---- Data below

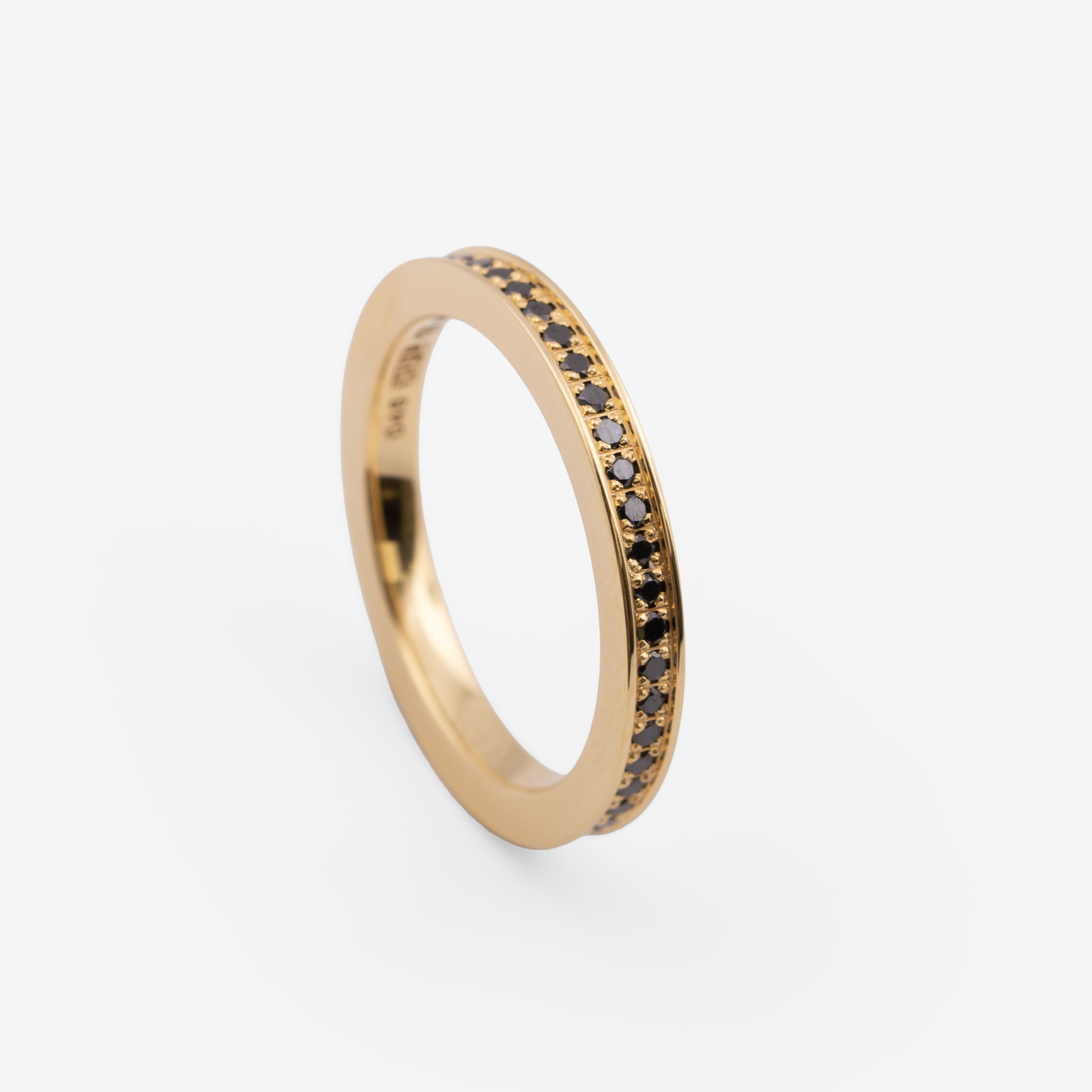Handmade ring in recycled 18k gold with 46 0.01ct brilliant cut black diamonds.(Exact amount of stones vary depending on ring size)
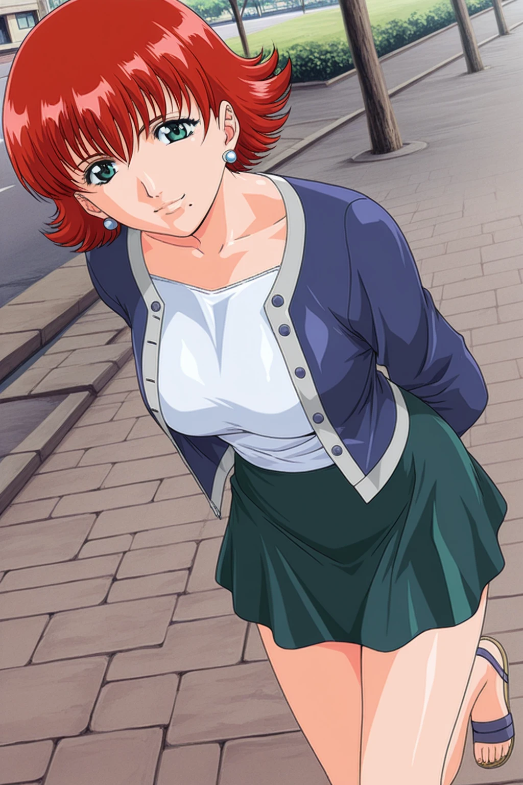 • izyi primegirl,game cg,Hitomi,1girl,solo,red hair,short hair,bangs,flipped hair,green eyes,mole under mouth,mole,breasts,collarbone,jewelry,earrings,collarless jacket,open jacket,white shirt,long sleeves,green skirt,sandals,
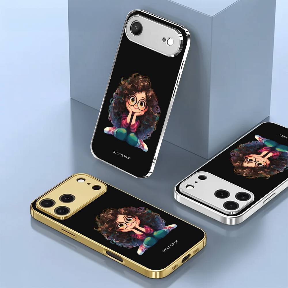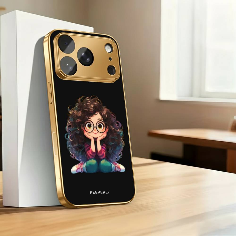 The Cozy Curls Case is a heart-stealing blend of charm, warmth, and personality. Featuring an adorable character illustration with voluminous curly hair, bright expressive eyes, and a relaxed, playful pose, this design instantly brings joy to anyone who sees it.

--------

Exclude every picture, then reproduce the remaining data character for character.

(Exercise result)
Handmade ring in recycled 18k gold with 46 0.01ct brilliant cut black diamonds.(Exact amount of stones vary depending on ring size)
 • izyi primegirl,game cg,Hitomi,1girl,solo,red hair,short hair,bangs,flipped hair,green eyes,mole under mouth,mole,breasts,collarbone,jewelry,earrings,collarless jacket,open jacket,white shirt,long sleeves,green skirt,sandals,
 The Cozy Curls Case is a heart-stealing blend of charm, warmth, and personality. Featuring an adorable character illustration with voluminous curly hair, bright expressive eyes, and a relaxed, playful pose, this design instantly brings joy to anyone who sees it.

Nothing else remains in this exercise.